Carmen is a 1915 American silent drama film directed by Cecil B. DeMille. The film is based on the novella Carmen by Prosper Mérimée. The existing versions of this film appear to be from the re-edited 1918 re-release.

Plot
Don José, an officer of the law, is seduced by the gypsy girl Carmen, in order to facilitate her clan's smuggling endeavors. Don José becomes obsessed, turning to violent crime himself in order to keep her attention.

Cast
 Geraldine Farrar as Carmen
 Wallace Reid as Don José
 Pedro de Cordoba as Escamillo
 Horace B. Carpenter as Pastia
 William Elmer as Morales
 Jeanie Macpherson as Gypsy girl
 Anita King as Gypsy girl
 Milton Brown as Garcia
 Tex Driscoll
 Raymond Hatton as Spectator at Bullfight (uncredited)

Production
DeMille had intended to film a musical version of Georges Bizet's opera Carmen, but its libretto was under copyright so DeMille instructed his screenwriter brother William to base his scenario on the public domain novella Carmen by Prosper Mérimée. The novella's Carmen was more wilful and manipulative than the opera version. For instance, William included a cigarette factory fight scene from the book which was not found in the opera.

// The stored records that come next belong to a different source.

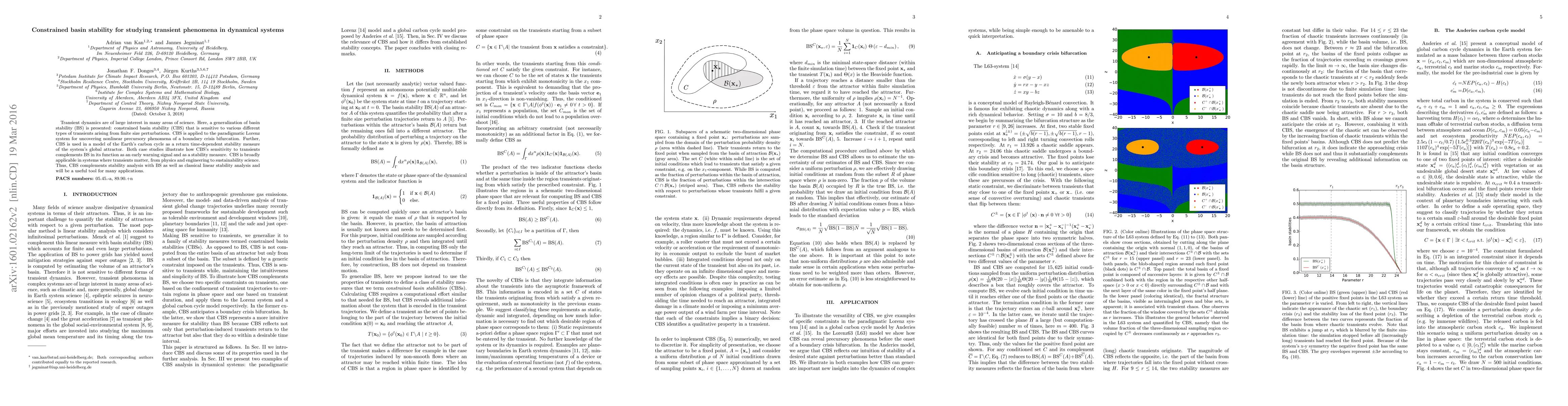 This paper introduces constrained basin stability (CBS) to study transient phenomena in dynamical systems, offering a sensitivity to transients that complements traditional basin stability. The method is demonstrated through the Lorenz system and a carbon cycle model, showing its utility as an early warning signal and stability measure in systems where transients are significant.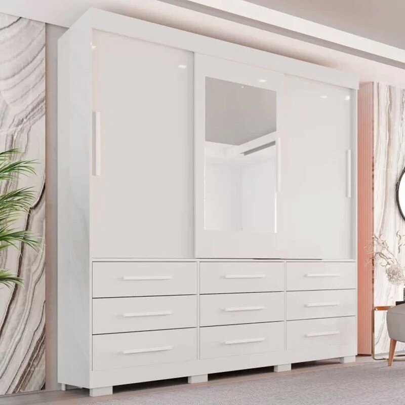 3{%%}Descrição{%%}Roupeiro Athenas C/Espelho 3 Pts. 9 Gav. Branco Larg. 1.80m C/Pés Bianchi + Cama Box Casal Ortopédico D33 Rondoconfort Rondomóveis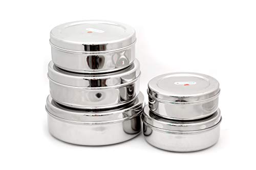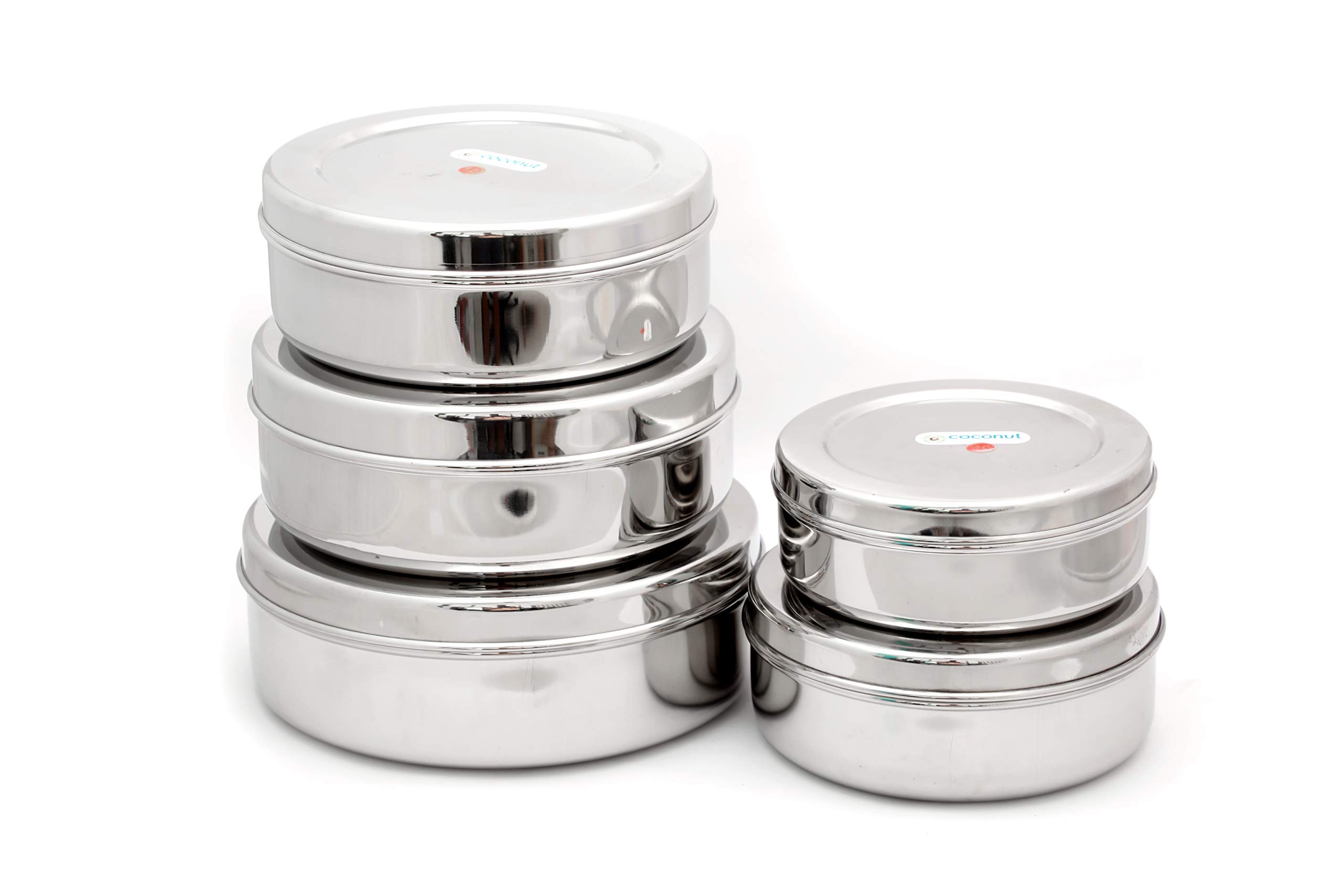 Coconut is range of innovative and quality products for home and kitchen. Through canister can used to store Puris Rotis Parathas Snacks Khakhara mukhwas dryfruits choclates buiscuits etc. This flat storage container is rust proof and hygienic. Made from 100% food grade stainless steel making it highly durable and resistance to corrosion. When not in use smaller container can be stacked inside bigger container saving lot of storage space.Container Set of 5 (Container 1 - 6.5 Inches Width & 2.5 Inches Height Container 2 - 7.5 Inches Width & 2.25 Inches Height Container 3- 8.5 Inches Width & 2.5 Inches Height Container 4 - 8.8 Inches Width & 3 Inches Height Container 5 - 9.5 Inches Width & 3 Inches Height respectively)

Composer Hugo Riesenfeld arranged the orchestral score, his first of many for film, which was based on that of Bizet's opera. It was performed at the premiere and other prestigious screenings. There have been two restorations of Riesenfeld's score: the first was by Gillian Anderson, recorded with the London Philharmonic Orchestra in 1996. Timothy Brock recorded the second in 1997 with the Olympia Chamber Orchestra. Both recordings have accompanied various releases of the restored film on home video.

Reception
Carmen was praised as a "triumph of superb acting and magnificent scenery" in Motion Picture Magazine. "No small share of this artistic success is due to Mr. Wallace Reid's sympathetic interpretation of Don José," they added. "The 'Carmen' film will, in its own way, stand alongside 'The Birth of a Nation' as an epochmaker," Photoplay said in their review. One of their few complaints was on the film's faithfulness to Carmen's character of the Mérimée story.

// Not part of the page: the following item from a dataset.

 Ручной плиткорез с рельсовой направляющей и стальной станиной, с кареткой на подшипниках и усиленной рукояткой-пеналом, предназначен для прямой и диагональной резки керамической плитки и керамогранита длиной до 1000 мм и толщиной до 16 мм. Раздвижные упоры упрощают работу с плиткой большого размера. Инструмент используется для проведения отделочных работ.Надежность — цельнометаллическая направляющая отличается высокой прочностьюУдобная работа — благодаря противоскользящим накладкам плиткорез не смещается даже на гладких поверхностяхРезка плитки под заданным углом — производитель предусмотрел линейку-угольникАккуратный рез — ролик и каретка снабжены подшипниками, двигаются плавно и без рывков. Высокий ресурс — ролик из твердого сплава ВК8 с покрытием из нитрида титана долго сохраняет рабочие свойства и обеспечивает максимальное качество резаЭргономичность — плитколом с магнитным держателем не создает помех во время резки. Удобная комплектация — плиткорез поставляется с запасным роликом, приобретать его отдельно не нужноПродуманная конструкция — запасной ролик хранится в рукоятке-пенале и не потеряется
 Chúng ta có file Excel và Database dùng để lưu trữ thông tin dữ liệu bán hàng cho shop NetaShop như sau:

The New-York Tribune described it as "The most interesting example of the new art of the photoplay. Miss Farrar's personality is admirably suited to the screen, and her facial expression was excellent." "Geraldine Farrar's 'Carmen' makes as dramatic an appeal to the eye as her voice ever did to the ear," said The San Francisco Call & Post, "The resolution of Geraldine Farrar, the beautiful and gifted star, to employ her talents in the attaining of success in the films is one of the greatest steps in advancing the dignity of the motion pictures. Miss Farrar's 'Carmen' in the films is the greatest triumph the motion picture has yet achieved over the speaking stage."

Geraldine Farrar came in fourth place in the 1916 "Screen Masterpiece" contest held by Motion Picture Magazine for her performance as Carmen, with 17,900 votes. She was the highest ranking actress and was behind Francis X. Bushman in Graustark, Henry B. Walthall in The Birth of a Nation, and the number one winner, Earle Williams, in The Christian. Theda Bara's performance of the same role received 9,150 votes.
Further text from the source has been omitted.